▶ [Exercise details] Exactly the lines from the line that has "Les abattages étaient" through the final line below are to be retyped, and the pictures are not.

BEGIN Information supplied

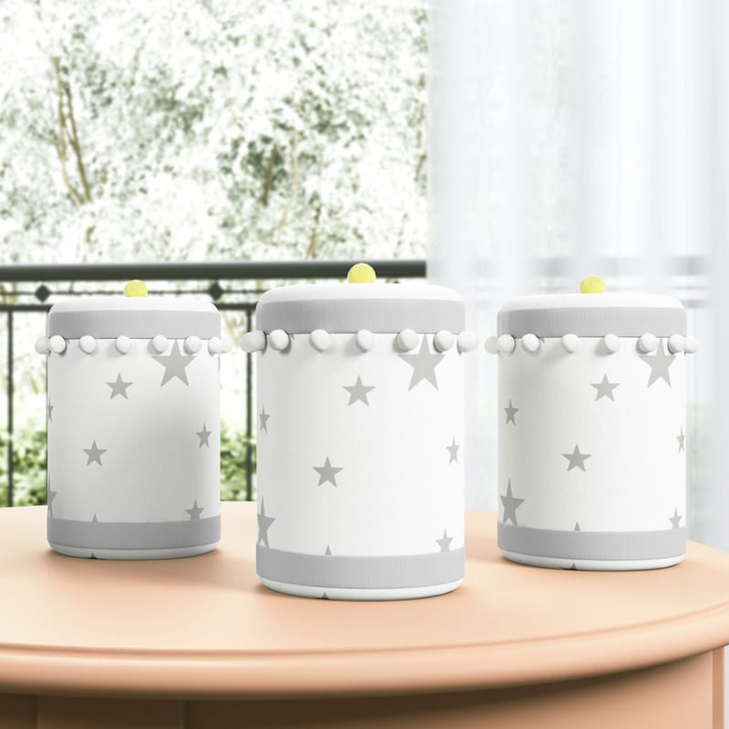 O Jogo de Potes Estrelinhas e Pompons Cinza é ideal para guardar algodão, cotonetes, gaze e outros objetos de pequeno porte. O conjunto é confeccionado em plástico e tecido, com detalhes da estampa de estrelas e aplicações de mini pompons.
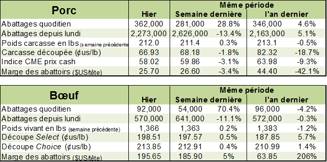 Les abattages étaient de 570,000 bœufs la semaine dernière, soit 11% de moins que la semaine précédente à cause du jour férié de la Thanksgiving. C’était tout de même 5000 têtes que l’an dernier à pareille date. Le poids est de 1366 lbs vivant (environ 826 lbs carcasse) ce qui est plus faible que l’an dernier et explique la baisse de production. Avec 469.7 millions lbs produites, le volume était 2.5% de moins que l’an dernier.
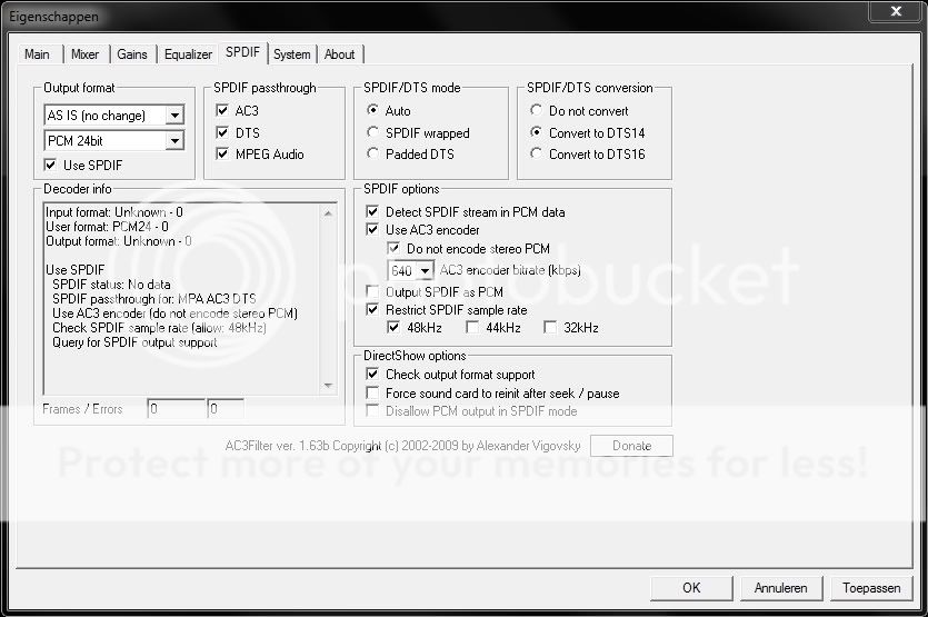Ik heb het combined community codec pack (CCCP) geïnstalleerd en AC3Filter om geluid uit te sturen over S/PDIF naar mijn versterker. Alles lijkt te werken, ik krijg van de meeste van mijn films in allerlei resoluties (720p, 1080i, DVD, etc.) netjes het Dolby Digital of DTS geluidsspoor naar mijn versterker.
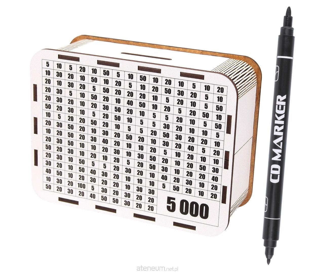 Na powierzchni skarbonki znajduje się tabelka, w której można wykreślać kolejne wartości nominałów banknotów lub bilonu w miarę dodawania gotówki. Po wykreśleniu wszystkich pól skarbonka będzie zawierać 5000zł Posiada specjalny otwór na górze do wrzucania monet i banknotów.

END Information supplied

▶ [Response for this exercise]
 Les abattages étaient de 570,000 bœufs la semaine dernière, soit 11% de moins que la semaine précédente à cause du jour férié de la Thanksgiving. C’était tout de même 5000 têtes que l’an dernier à pareille date. Le poids est de 1366 lbs vivant (environ 826 lbs carcasse) ce qui est plus faible que l’an dernier et explique la baisse de production. Avec 469.7 millions lbs produites, le volume était 2.5% de moins que l’an dernier.
Ik heb het combined community codec pack (CCCP) geïnstalleerd en AC3Filter om geluid uit te sturen over S/PDIF naar mijn versterker. Alles lijkt te werken, ik krijg van de meeste van mijn films in allerlei resoluties (720p, 1080i, DVD, etc.) netjes het Dolby Digital of DTS geluidsspoor naar mijn versterker.
 Na powierzchni skarbonki znajduje się tabelka, w której można wykreślać kolejne wartości nominałów banknotów lub bilonu w miarę dodawania gotówki. Po wykreśleniu wszystkich pól skarbonka będzie zawierać 5000zł Posiada specjalny otwór na górze do wrzucania monet i banknotów.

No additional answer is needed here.